To allow for further error handling, both the cards processed the incoming string data, using its first char as mode selection for example, and at the end of each state, the data was reassembled and sent to the next device.

The problem was, that the reassembled string was different from the original one.
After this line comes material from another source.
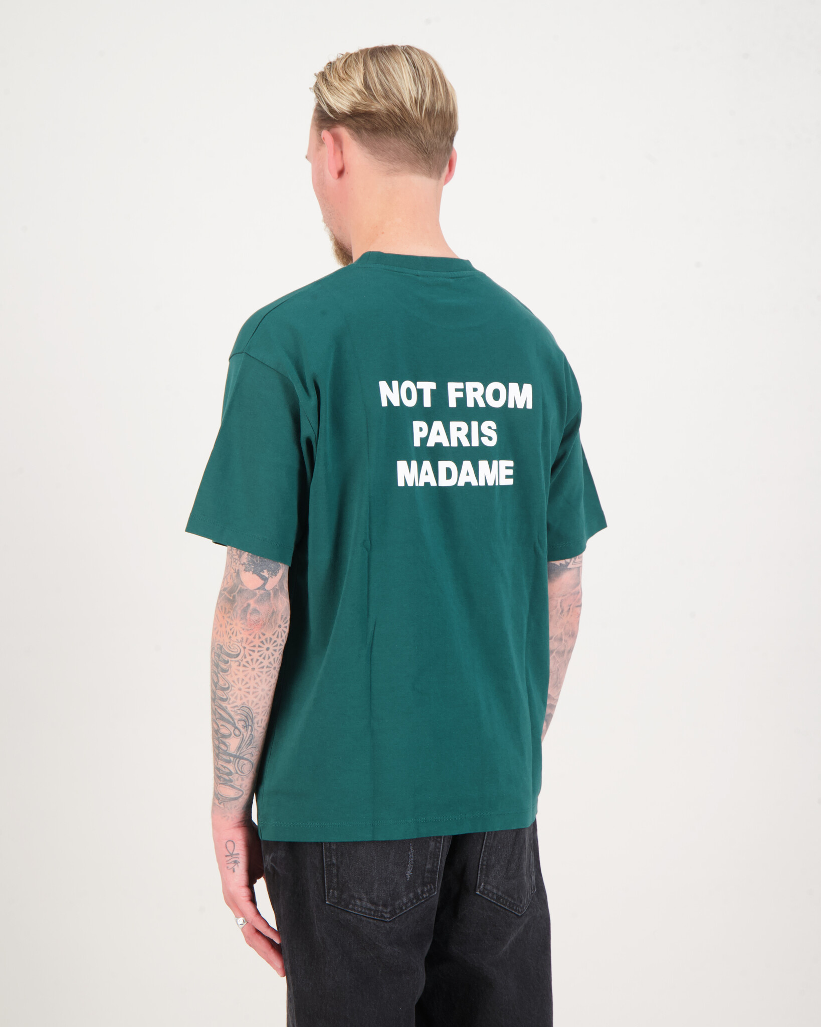 Donker Groene 'Le T-Shirt Slogan' van het merk Drôle de Monsieur. Het t-shirt met een geribde halslijn is bedrukt met de 'Not From Paris Madame' slogan.
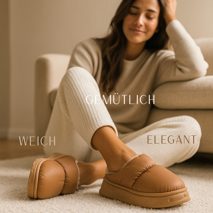 Reinschlüpfen und wohlfühlen – unsere „Puffer“-Hausschuhe umhüllen deine Füße mit wohliger Wärme und unvergleichlicher Weichheit. Perfekt für entspannte Stunden zuhause.

For the reassembly I used the String() command, putting the pieces together from a bunch char and String constants and variables (by constant I mean "string" and 'char') using + operator inbetween them. The error was present both on the UNO and the ESP8266.

I created a test code especially to uncover what the problem was, and how it works. I think it is an inconsistency of how the + operator works within the String() command.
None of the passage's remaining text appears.